**Items from a data source**
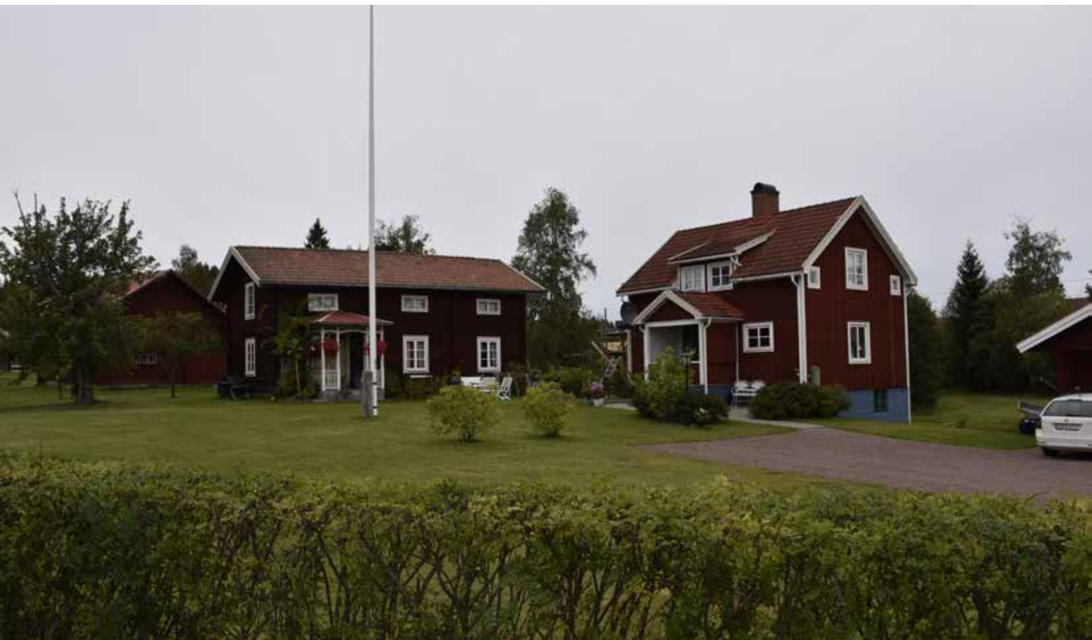
Äldre timmerhus med farstukvist med plåttak och detaljer i snickarglädjestil. Till höger finns ett rödfärgat bostadshus sannolikt uppfört under 1930-talet med en enkel detaljutformning som samspelar mot byn som helhet. Hedby 27:9.
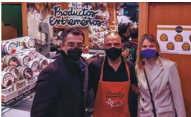
Productos Extremeños (Mossén Jacint Verdager, 192)
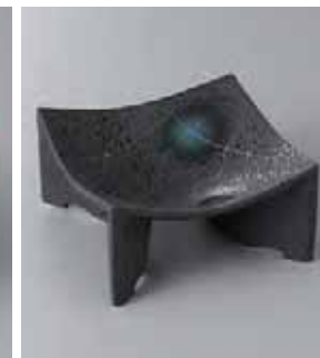
62-10-22G 2,450円 黒マット線彫正角皿(小) 12×6cm
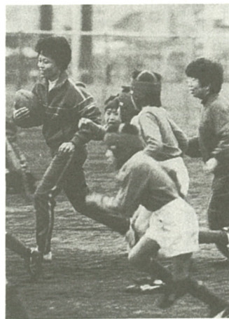
ガンバレ母さん！ほくらも負けなぞ

一月二十五日、小田急クラウンで「親子ラグビー交流会」が行われた。この交流会は、海老名ラグビースクール（佐々木

**WHAT NEEDS TO BE DONE**
Give the entries above again, exactly as written and free of images.

**ANSWER SECTION**
Äldre timmerhus med farstukvist med plåttak och detaljer i snickarglädjestil. Till höger finns ett rödfärgat bostadshus sannolikt uppfört under 1930-talet med en enkel detaljutformning som samspelar mot byn som helhet. Hedby 27:9.
Productos Extremeños (Mossén Jacint Verdager, 192)
62-10-22G 2,450円 黒マット線彫正角皿(小) 12×6cm
ガンバレ母さん！ほくらも負けなぞ

一月二十五日、小田急クラウンで「親子ラグビー交流会」が行われた。この交流会は、海老名ラグビースクール（佐々木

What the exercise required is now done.